Later that year I was invited to attend a workshop in Bali, Indonesia, where we were taught assessment techniques, undoubtedly an essential tool to help the transgender women and MSM community here in Timor-Leste. Upon return, I undertook assessment projects in two districts.  The goal of this assessment was to ascertain the understanding of HIV/AIDS and STIs within the local transgender women and MSM community, and the efficacy of public healthcare programs in enabling access to medical care for this community. I also analyzed the stigma and discrimination faced by my LGBTQI brothers and sisters, and drafted recommendations to relevant authorities on future projects. I was very sorry to report that the mainstream community was incapable of accepting the transgender women and MSM community as part of the Timor-Leste ecosystem. And it was up to me to change that.

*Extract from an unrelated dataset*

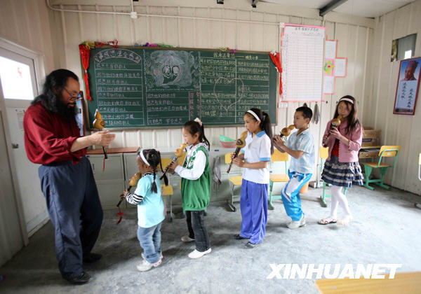 2009年5月1日,王曉春(左一)在指導孩子們進行隊列演奏。王曉春被映秀鎮(zhèn)村民稱為“超級志愿者”,他已年滿60,從2008年10月至今,他已為災區(qū)群眾連續(xù)工作了200多個日夜。他用音樂的美,為災區(qū)的孩子療傷,讓他們重拾信心,找回歡樂。

On 27 July, 2010, I was invited by one of the NGOs under FTH, Scarlet Timor Colectivo, to attend a meeting in Malaysia. Because I was also a member of Asia Pacific Network of Sex Workers (APNSW), I attended as a representative of transgender sex workers (TG SW) in Timor-Leste. In this meeting, we discussed the situation involving transgender sex workers in Asia, and what life in general is like for TG SWs in our respective countries. I have first-hand experience on the difficult challenges faced by TG SWs, and in the meeting, I shared my own accounts from Timor-Leste. In a nutshell, this is the situation in Timor-Leste: the number of TG SWs is relatively low compared to other countries per capita, and more often than not trans individuals hire males for sex. In fact, cisgender male sex workers are more numerous than transgender female sex workers.

On 3 December, 2012, I joined the ISEAN-Hivos Program Satellite Office in Timor-Leste (IHPSOTL). As a transgender outreach worker there, I obtained further knowledge on training using ICT-based tools; community leadership governance and mobilization; training on advocacy and networking; and behavioral change and communication (BCC) training. In 2013, I became the transgender program officer. IHPSOTL eventually evolved into Fundasaun CODIVA (Coalition for Diversity and Action), where I work today.

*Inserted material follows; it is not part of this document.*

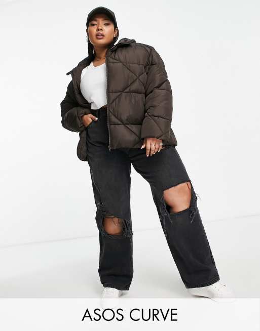 ASOS DESIGN Curve - Vatteret dynejakke i chokoladebrun
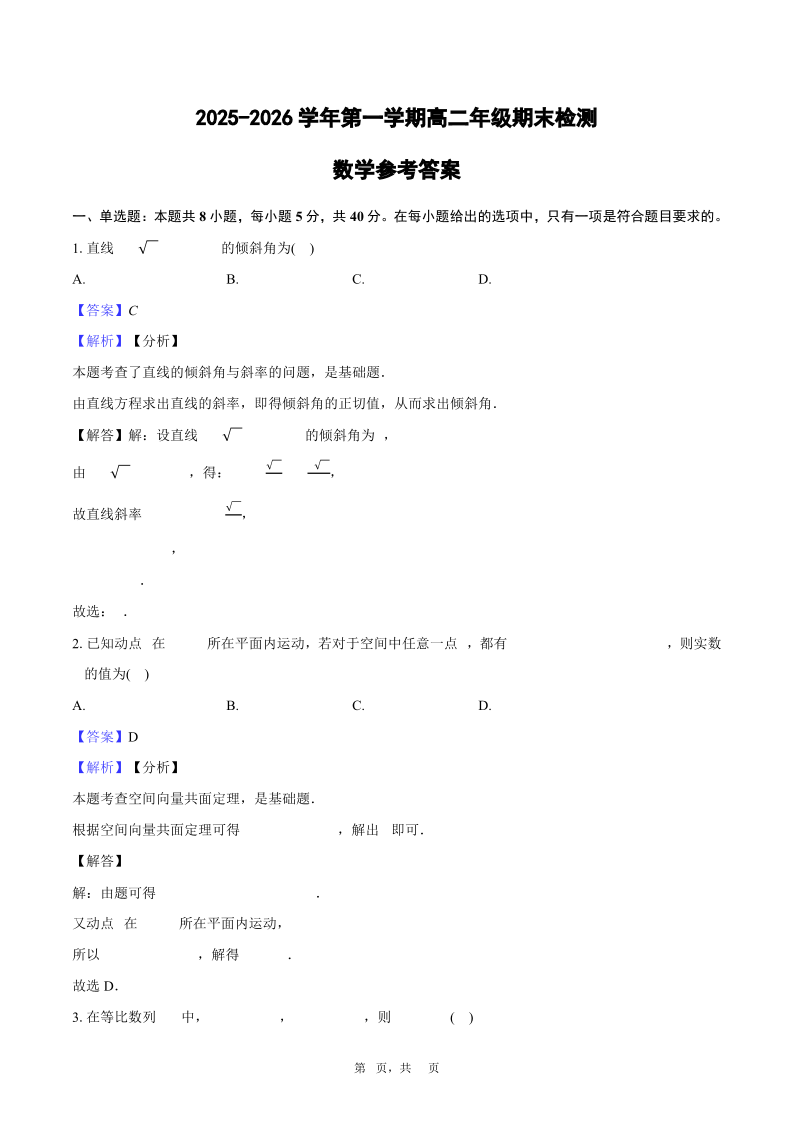 高二数学答案--安徽省智学大联考·皖中名校联盟2025-2026学年高二上学期期末检测

My time at Fundasaun CODIVA has given me many opportunities to represent and protect the transgender community. In 2014, I attended the Meeting on Transgender Health from Global Perspectives in Bangkok, Thailand; the Regional Meeting on ISEAN Trans-Specific Program in Jakarta, Indonesia, and the Trans ISEAN Regional Community Workshop in Kuala Lumpur, Malaysia. My commitment to the cause has kept me going this far.

I feel very proud to be doing the work that I do.  and to be where I am today. I can finally live a life that is true to who I am. The immense support we, at Fundasaun CODIVA are privileged to receive from the ISEAN-Hivos Program (IHP). has enabled us to empower the transgender community here in Timor-Leste. The various activities we undertake: Beauty Brigade training, ICT training, Behavior Change Communication (BCC) training, advocacy programs and so much more, are all thanks to our friends at the IHP. My life as a transwoman feels complete, and I shall continue to, relentlessly, fight for the freedom of my transgender sisters here in Timor-Leste.

This is the story of my life. Rife with hardships, but forever strong.